The company, which includes Facebook, Instagram and WhatsApp among its brands, is releasing a request for proposals "to identify nuclear energy developers to help us meet our AI innovation and sustainability objectives".
The target is between 1 and 4 GW of new nuclear generation capacity in the USA. "We are seeking developers with strong community engagement, development, and permitting, and execution expertise that have development opportunities for new nuclear energy resources - either small modular reactors or larger nuclear reactors," the notice announcing the request for proposals (RFP) says.
It adds "we are taking an open approach with this RFP so we can partner with others across the industry to bring new nuclear energy to the grid". Qualification to be considered closes on 3 January with initial RFP proposals due by 7 February.
In a blog post providing further background, it says: "We are looking to identify developers that can help accelerate the availability of new nuclear generators and create sufficient scale to achieve material cost reductions by deploying multiple units, both to provide for Meta’s future energy needs and to advance broader industry decarbonisation. We believe working with partners who will ultimately permit, design, engineer, finance, construct, and operate these power plants will ensure the long-term thinking necessary to accelerate nuclear technology."
Meta says that nuclear energy is more capital intensive, takes longer to develop, has more regulatory requirements and has a longer operational life so "we need to engage nuclear energy projects earlier in their development lifecycle and consider their operational requirements when designing a contract. And, as scaling deployments of nuclear technology offers the best chance of rapidly reducing cost, engaging with a partner across projects and locations will allow us to ensure that we can deploy strategically".

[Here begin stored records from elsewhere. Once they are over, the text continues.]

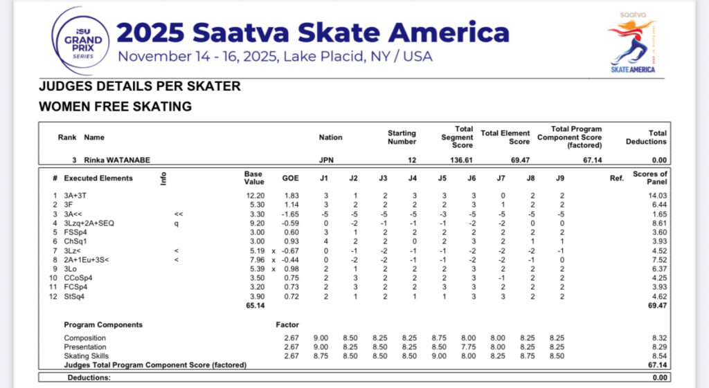 スケートアメリカで、渡辺選手の演技にこれでもかと低い点を付けた日本のジャッジからも分かるように、各国連盟の推し選手かそうでないかで、あからさまな点数の乖離が生じているわけなんですよ🫢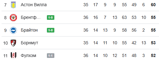 Перед туром восьмое место удерживал «Борнмут», но в лайв-таблице его уже обходят «Брентфорд» и «Брайтон». Вернуться обратно «Борнмуту» удастся только в случае домашней победы над «Астон Виллой». Впрочем, у гостей свои задачи — попытка забраться в Лигу чемпионов.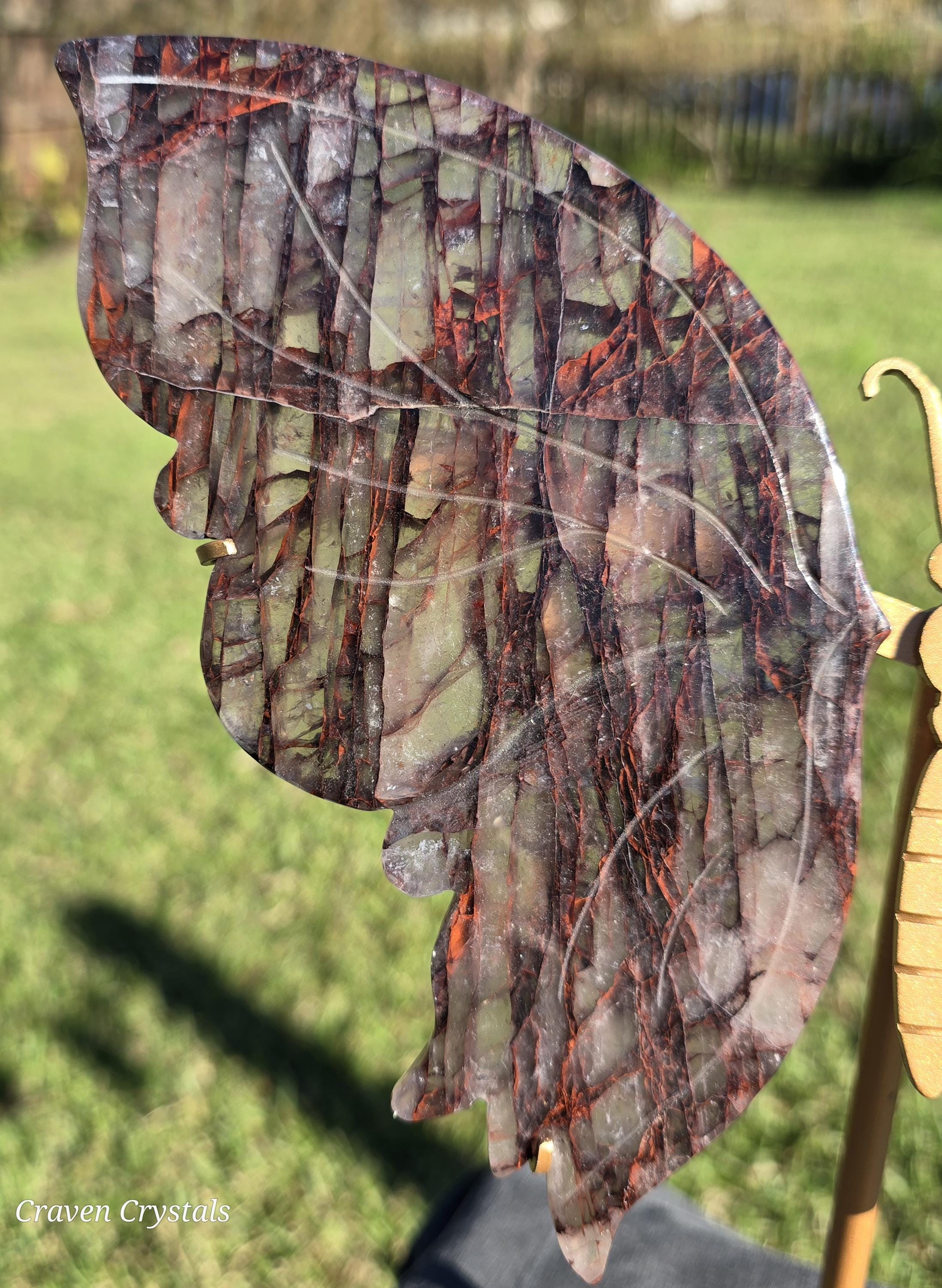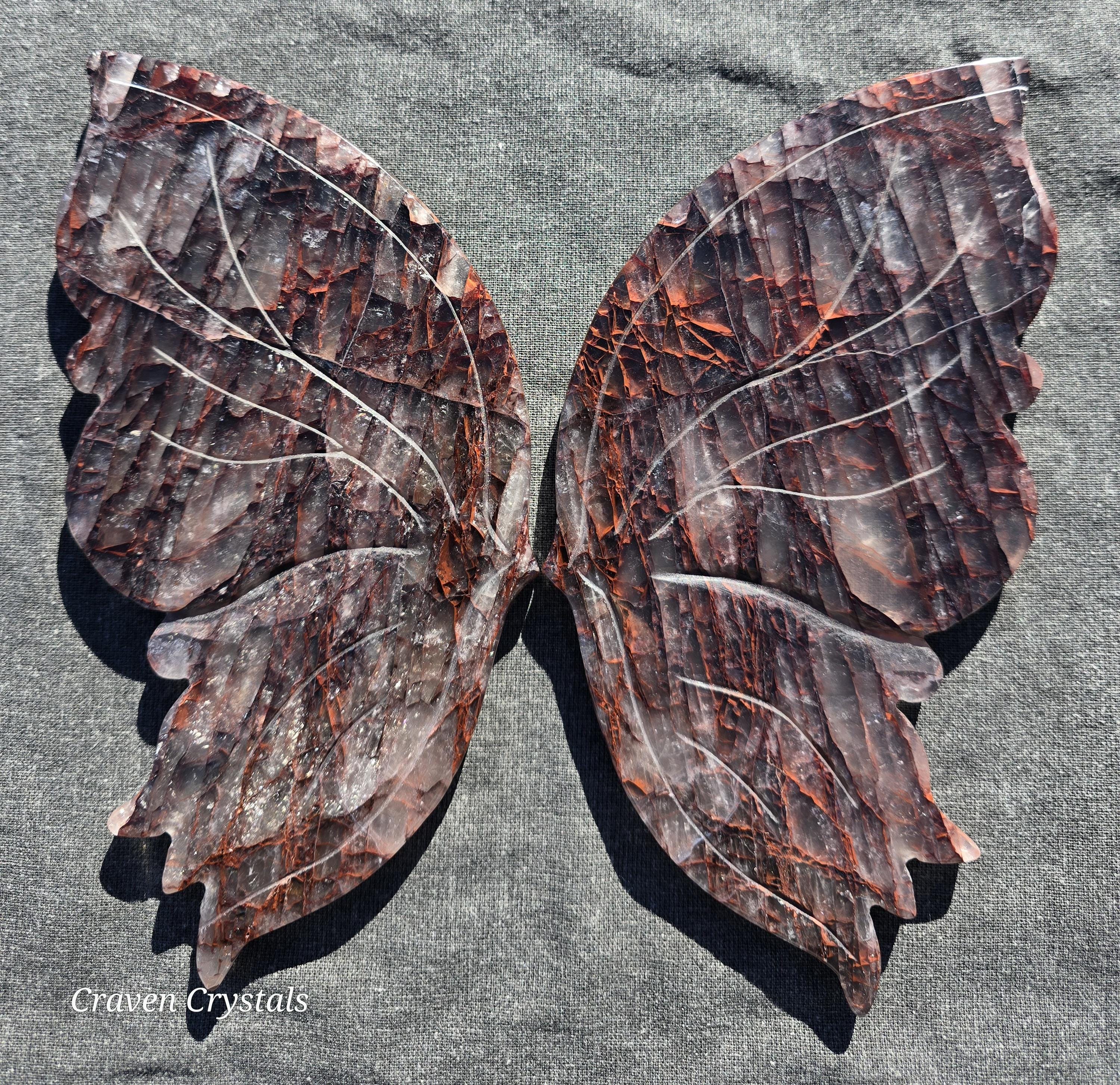 Absolutely amazing deep red, almost black, Fire Quartz Crystal Butterfly Wings
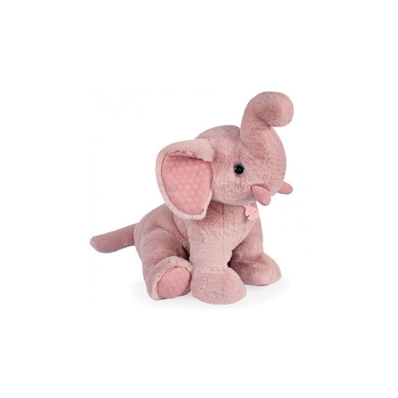 Un bel éléphant rose poudré, sobre et très chic avec ses oreilles en joli jersey en rayures relief. Un joli pantin moelleux, souple et très doux, que chacun appréciera pour jouer, cajoler ou décorer la chambre. Un cadeau idéal dès la naissance.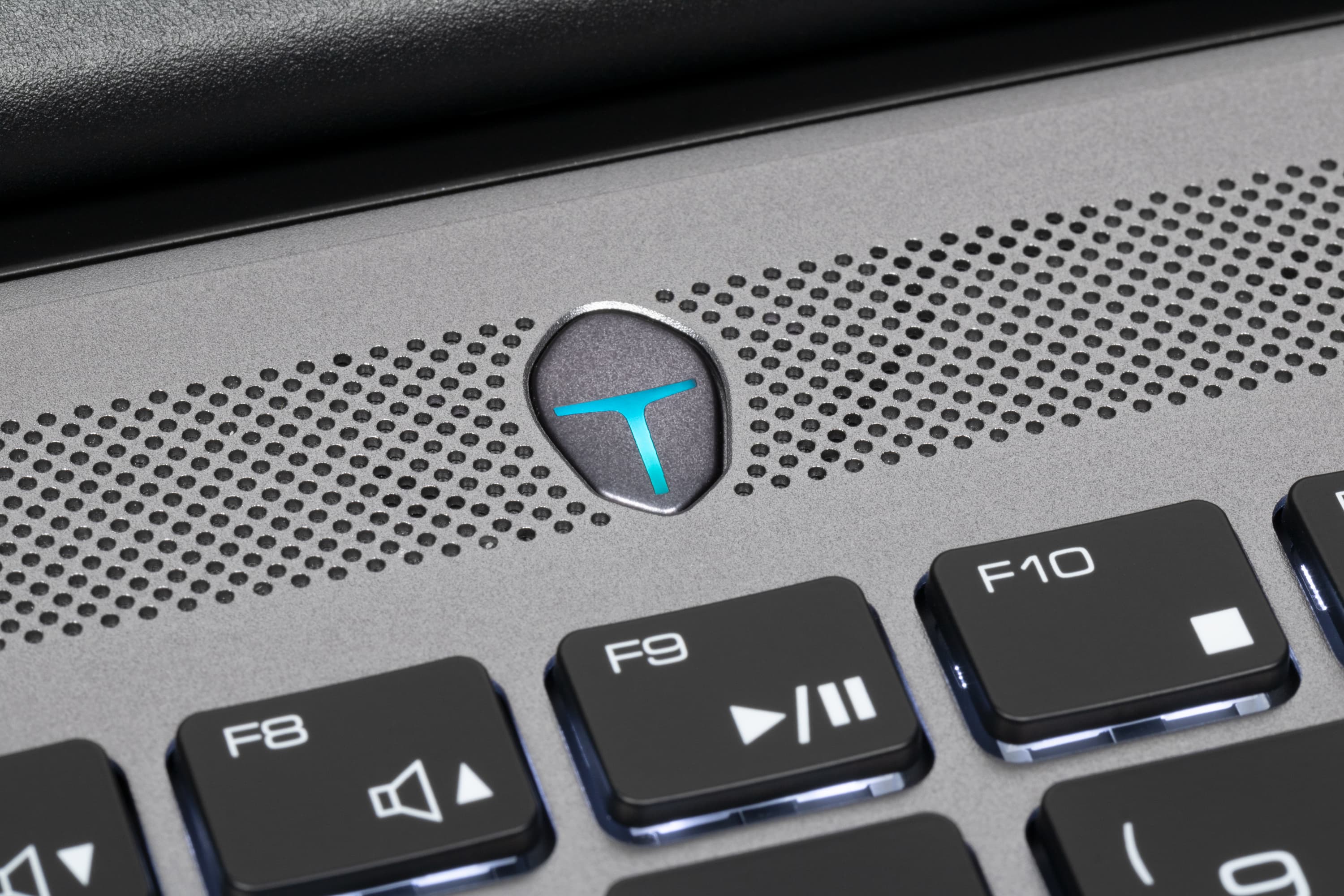 В середине полосы находится кнопка Power, при включении она подсвечивается, а без подсветки при первом знакомстве с ноутбуком её сразу и не заметишь: из-за специфической формы, соответствующей эмблеме бренда, она воспринимается как декоративный элемент. Кнопка установлена практически заподлицо с поверхностью, что вкупе с расположением исключает случайные нажатия.

The decision of the Facebook-owner to bring on its own nuclear energy supply follows in the footsteps of fellow tech giants Microsoft, Google and Amazon, and is the result of the vast energy needs required for huge and growing data centres with artificial intelligence developments set to push those energy requirements even higher. As with renewables, nuclear provides carbon free power, but crucially it also provides that power round-the-clock, which is a key requirement of data centres.